Without the pictures, can you quote each line below exactly?

--- Dataset excerpt ---
----------------------------------------

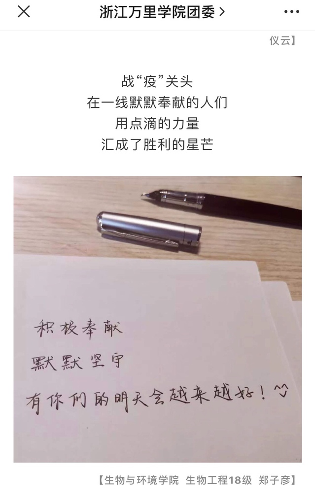 敢于担当,争做表率。在校团委的积极引导下,身处祖国各地的万里学子通过在家手写祝福的方式为祖国加油。团员青年以不同方式支持疫情防控,进行科学知识宣传,参与社区疫情防控志愿者等工作。自发组织捐款助力抗击疫情,商学院、物流与电子商务学院捐款15000余元。
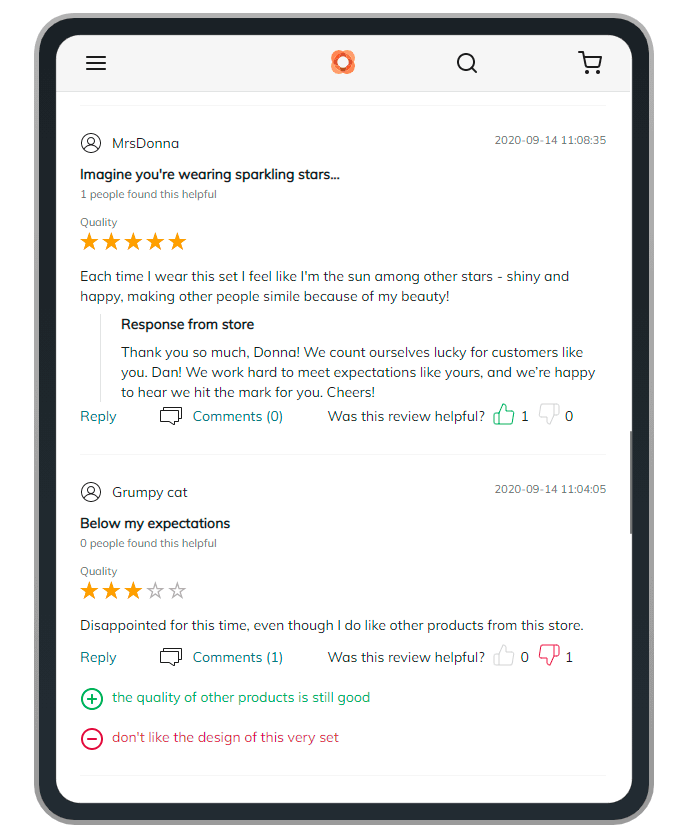 Here's the example of review threads with the pros and cons feature enabled and an example of the response from the store admin:
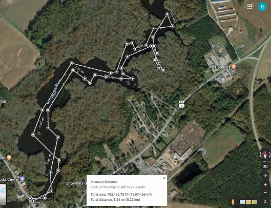 Our trip. Just over 7 miles with all the zig-zagging and crossing over the Pocomoke.
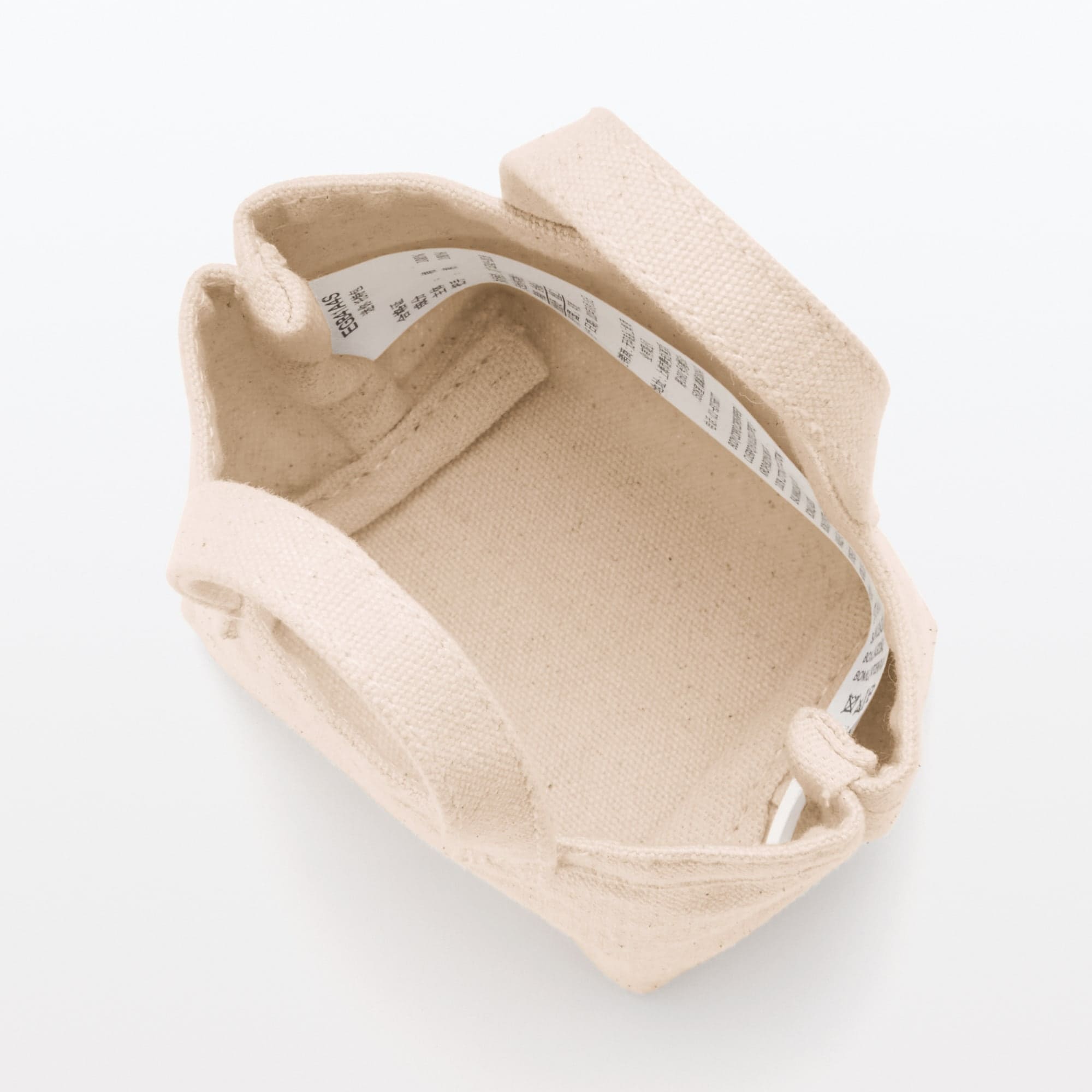 A mini version of a classic MUJI item. This adorable mini canvas tote bag can store small items and accessories. It can also be used as a cute decoration or gift bag.

----------------------------------------

--- Worked solution ---
 敢于担当,争做表率。在校团委的积极引导下,身处祖国各地的万里学子通过在家手写祝福的方式为祖国加油。团员青年以不同方式支持疫情防控,进行科学知识宣传,参与社区疫情防控志愿者等工作。自发组织捐款助力抗击疫情,商学院、物流与电子商务学院捐款15000余元。
 Here's the example of review threads with the pros and cons feature enabled and an example of the response from the store admin:
 Our trip. Just over 7 miles with all the zig-zagging and crossing over the Pocomoke.
 A mini version of a classic MUJI item. This adorable mini canvas tote bag can store small items and accessories. It can also be used as a cute decoration or gift bag.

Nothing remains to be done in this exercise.